Curator's Statement

James Charles Castle

Born September 24, 1899 in the isolated Idaho community of Garden Valley, Castle was presumed to be deaf throughout his life. Many also believed the artist mute, mentally challenged and/or illiterate. Today, however, contemporary medical experts diagnose the artist autistic, likely able to hear, but unable to process sounds. Mute Castle was not. Although apparently unable to verbalize (speak words), he was able to vocalize (make sounds). Close analysis of his work suggests that, far from being retarded, Castle was highly intelligent, and that the artist was not illiterate, but had limited reading and writing abilities.

Sent to the Idaho School for the Deaf and Blind in 1911, Castle was expelled his first year, declared “uneducable.” Paradoxically, his parents were apparently directed by deaf educators to keep art supplies from their son and to encourage him to learn to speak, sign, fingerspell or read lips — all of which the educators had been unable to teach him. We do know the family was always in need of help, and they attempted to make a ranch hand out of their son. Castle would have none of it. Instead, he busied himself, making his own art supplies. For pens, he fashioned sharpened sticks and twigs. Ink was made from stove soot and saliva. Any found paper provided canvas or book pages. The young man taught himself lettering, perspective, shading, composition, the effects of framing of images, all the while refusing to do farm chores and other menial duties.

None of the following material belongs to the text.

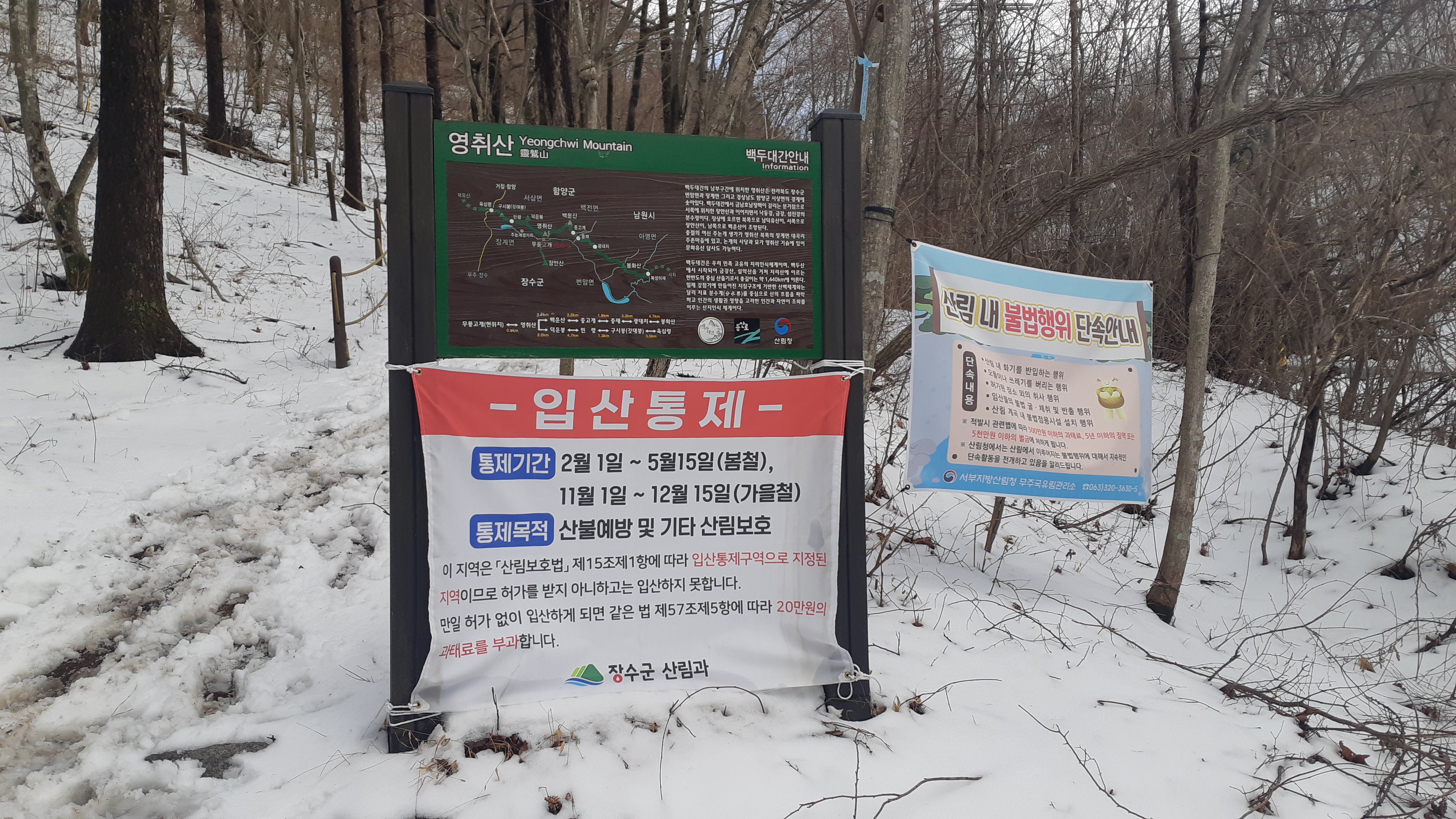 산죽 길과 쉼터를 지나 영취산에 닿고 곧장 무룡고개로 내려선다. 2005년1월22일 금남.호남정맥 종주시 다녀간 길이다. 무룡고개에 내려서고 왼쪽 터널을 지나 장수군 번암면의 틔움·장수 산림 신품종 재배단지입구에 주차된 차량에 도착하면서 오늘 산행을 마무리한다. 후미가 도착하고 경남 함안군 군북면 월촌리 예촌한식뷔페로 이동 정월대보름 나물 반찬으로 반주를 곁들인 식사 후 부산으로 향한다.

For over sixty years, Castle devoted himself to making art. Although briefly “discovered” in the 1960's, the Self-Taught artist was largely unrecognized during his lifetime. He died in obscurity, October 24, 1977 in Boise, Idaho.

Leaving a legacy of over 20,000 artworks, Castle is now being recognized. A dedication exhibition at the Idaho Center for the Book (an affiliate of the United States Library of Congress Center for the Book) in Boise in 1994 featured the first display of Castle books. Since that exhibition, Castle has gone on to gather regional, national and international attention. His work is represented in major collections, and major exhibitions of his work have been held in the United States, Canada and England. This Idaho Center for the Book exhibition features Castle's earliest and rarest works (the so-called “Icehouse Books”) and representative specimens of later Castle book genres.